**EXERCISE INPUTS**
Segment Open

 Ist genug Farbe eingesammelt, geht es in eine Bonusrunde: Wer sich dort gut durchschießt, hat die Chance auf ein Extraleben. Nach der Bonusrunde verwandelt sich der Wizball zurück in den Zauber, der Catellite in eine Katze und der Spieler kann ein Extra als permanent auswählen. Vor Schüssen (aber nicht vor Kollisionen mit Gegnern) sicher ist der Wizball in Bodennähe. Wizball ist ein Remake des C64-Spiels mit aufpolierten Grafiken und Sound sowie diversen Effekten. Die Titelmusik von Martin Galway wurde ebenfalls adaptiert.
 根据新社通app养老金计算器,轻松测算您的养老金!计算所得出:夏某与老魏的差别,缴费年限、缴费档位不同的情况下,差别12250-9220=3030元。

Segment Closed
Segment Open

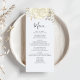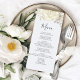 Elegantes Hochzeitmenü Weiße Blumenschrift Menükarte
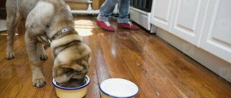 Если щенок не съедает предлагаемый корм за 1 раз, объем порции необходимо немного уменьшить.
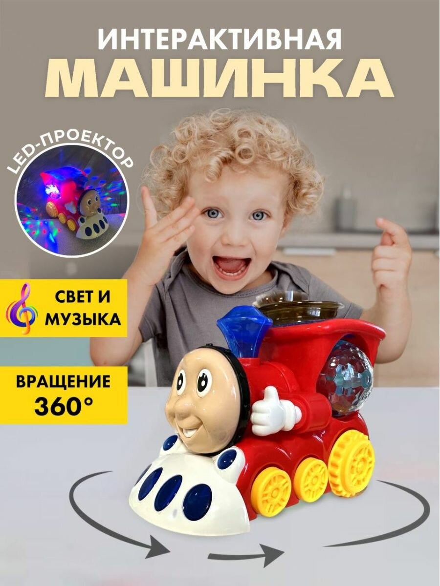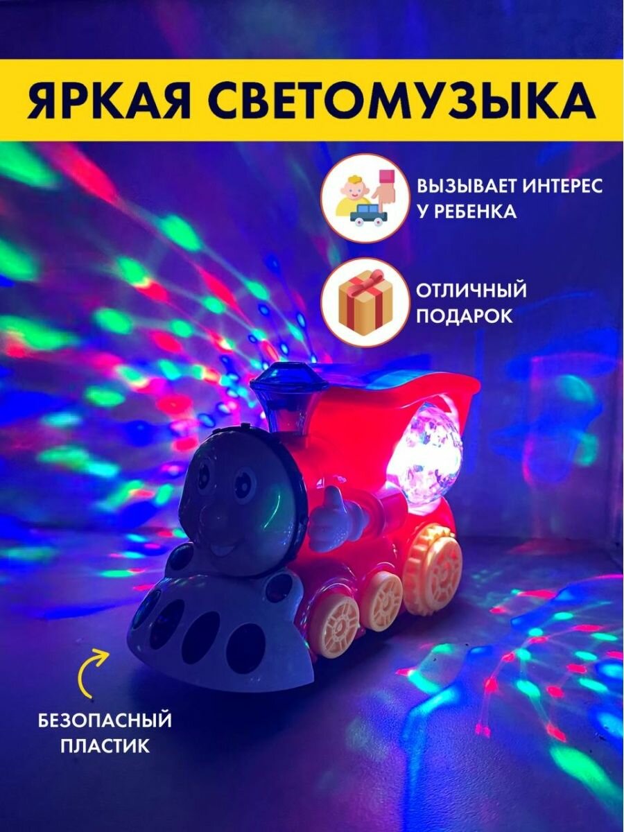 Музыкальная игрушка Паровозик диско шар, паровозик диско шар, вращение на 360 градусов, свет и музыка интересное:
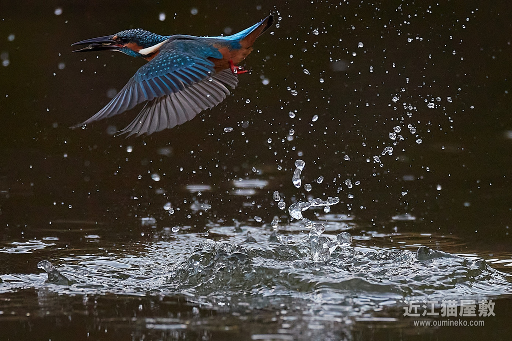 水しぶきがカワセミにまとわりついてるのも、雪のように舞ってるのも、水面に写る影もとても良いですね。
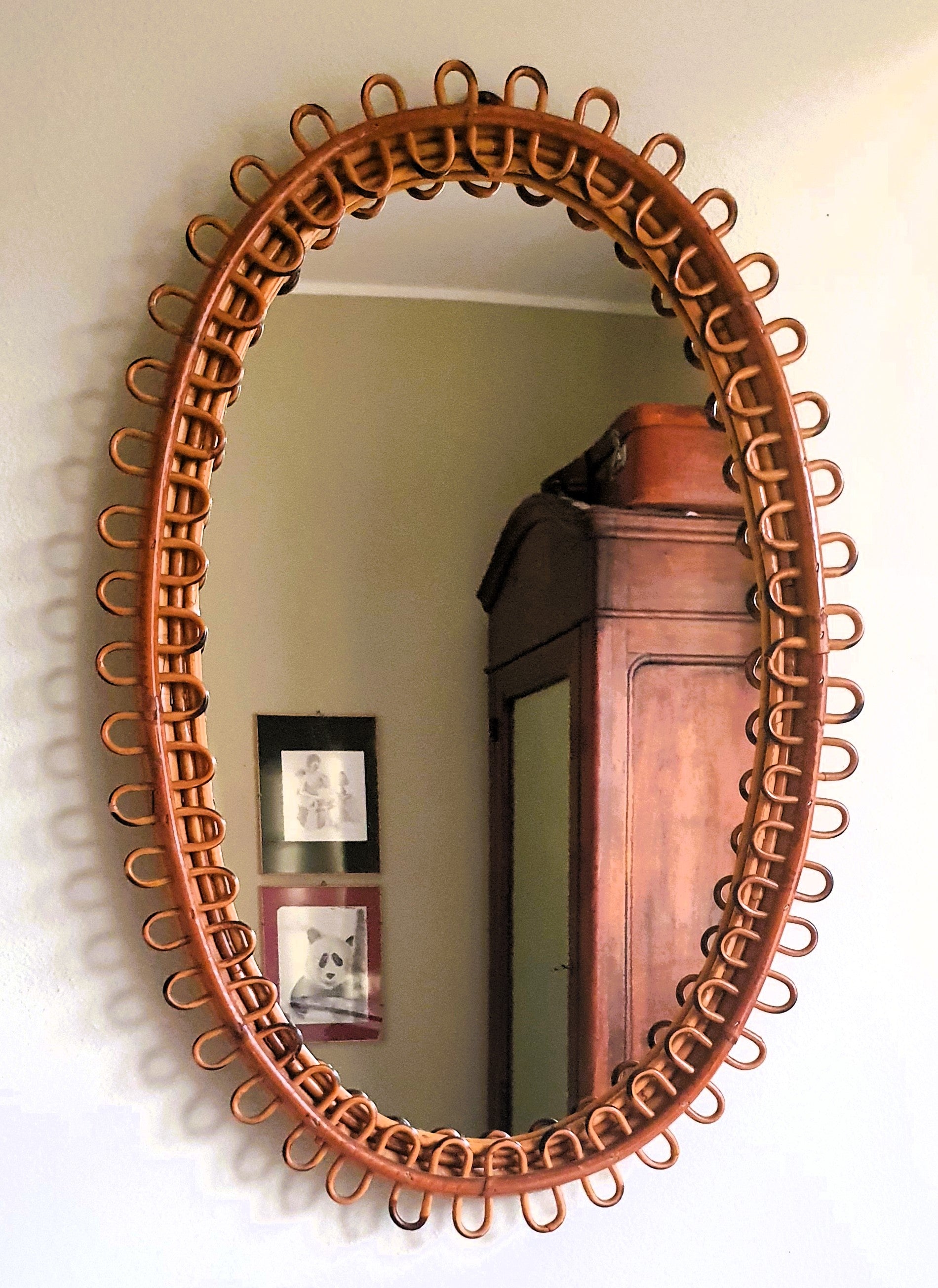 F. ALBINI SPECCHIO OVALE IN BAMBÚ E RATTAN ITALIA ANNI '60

Segment Closed

**EXERCISE**
Return exactly the lines above, from the one with "Музыкальная игрушка Паровозик" up to and including the one with "F. ALBINI SPECCHIO", and include no pictures.

**EXERCISE ANSWER**
 Музыкальная игрушка Паровозик диско шар, паровозик диско шар, вращение на 360 градусов, свет и музыка интересное:
 水しぶきがカワセミにまとわりついてるのも、雪のように舞ってるのも、水面に写る影もとても良いですね。
 F. ALBINI SPECCHIO OVALE IN BAMBÚ E RATTAN ITALIA ANNI '60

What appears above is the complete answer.